Friday, 10 April 2020

Poems from the Backroom 25: The Beats



Let’s talk about the Beats. Well I’ve got to talk about them cos I love them, they were part of my youth, they were more than poets, they were lives lived in poetry and their words were more than poems, they were uncontrolled eruptions of words that could end up effluence or exultation. 

I’m sorry, I’m stuck on them: I can’t read the last section of On the Road without welling up. I’m a sick man I know, it has the same effect on me as the last page of The House on Pooh Corner. And they both mention Pooh.

Mea Culpa. Ok they were misogynists, junkies, petty criminals and narcissists, what’s more some of them were shite poets - has there ever been a more overrated poet than Gregory Corso? - but they summed up a changing world with freewheeling words and made every person think they could be a lover, a traveller and a poet. They conjured up a never ending landscape of hope - for change, for kicks, for love- at complete and desperate contrast to what we have now which seems - even without the physical constraints caused by this virus- to be a lockdown of the spirit, the death of hope.

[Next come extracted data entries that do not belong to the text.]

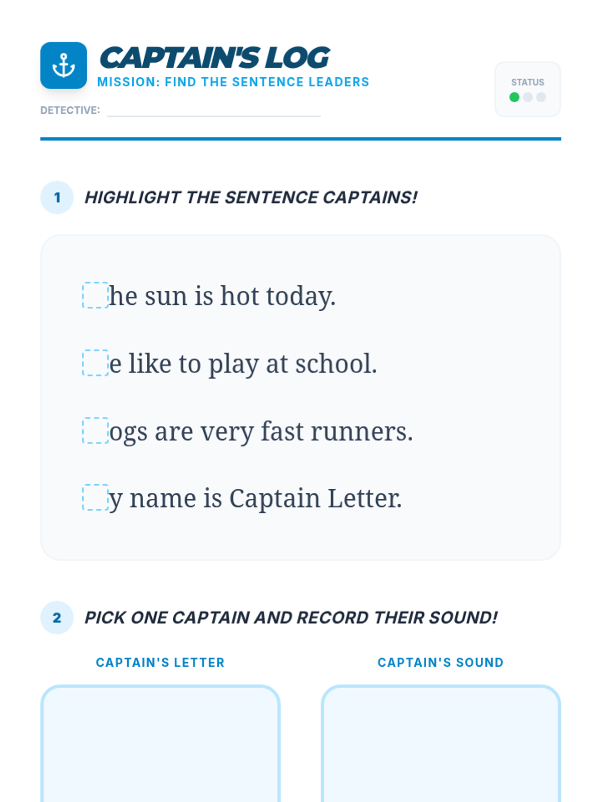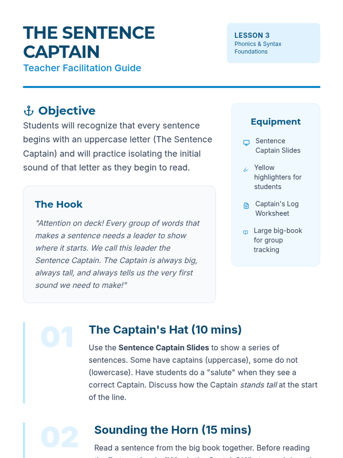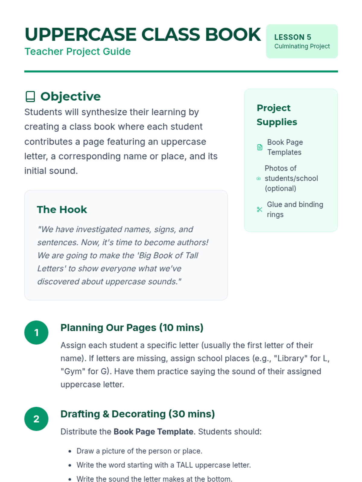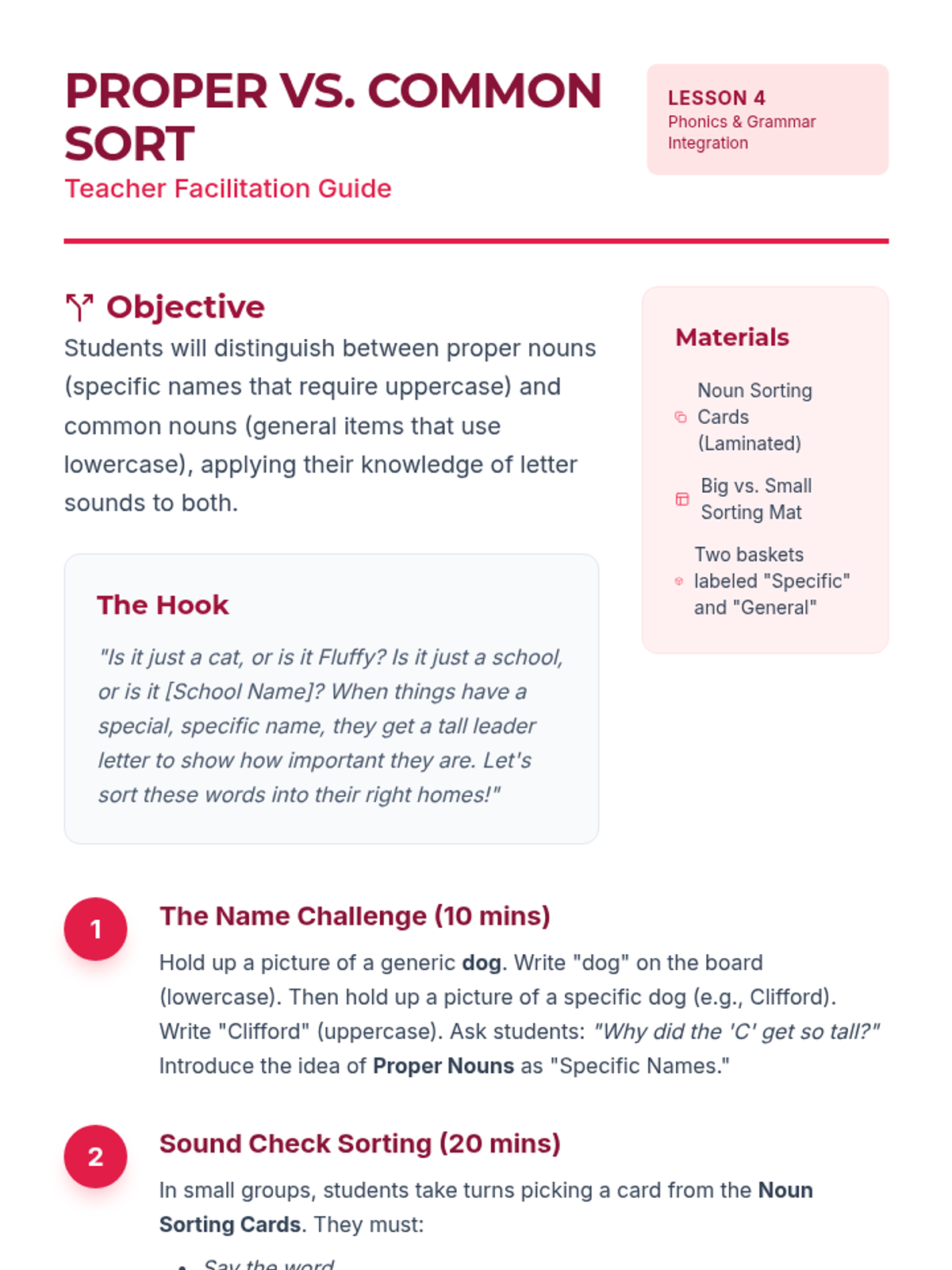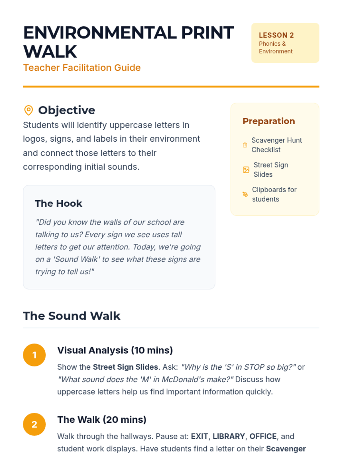 This inquiry-based sequence explores uppercase letters within the context of names, environmental print, and sentence structure. Students act as 'Letter Detectives' to discover the roles of capital letters and their corresponding sounds in real-world texts.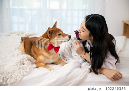 Asian female teenage lovingly petting her Shiba Inu dog wearing red bow tie relaxing on cozy white bed
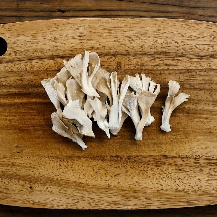 2: しめじとまいたけは小房に分け、しいたけは5mm幅の薄切りにします。しいたけの軸は細切りにします。
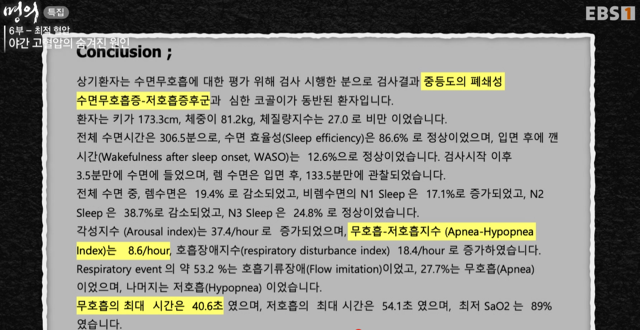 마와 선식을 요구르트와 갈아서 아침식사를 하는 등 식단관리를 하면서 혈압약을 3개에서 1개로 줄일 수 있었습니다. 많은 50대 남성들이 수면무호흡증에 시달리지만, 자가 진단이 어려워서 방치되어 있는 경우가 있습니다.

They were also poetry revolutionaries. Alan Ginsberg's Poem 'Howl' in its honesty, its proletarian passion, its subject matter, took literary America by storm. Jack Kerouac's free flowing stream of consciousness writing ('Typing, not writing" according to Truman Capote) mimicked the cadences and patterns of jazz, William Burrough's philosophy of cut-up writing threatened to destroy the very structure of literature itself.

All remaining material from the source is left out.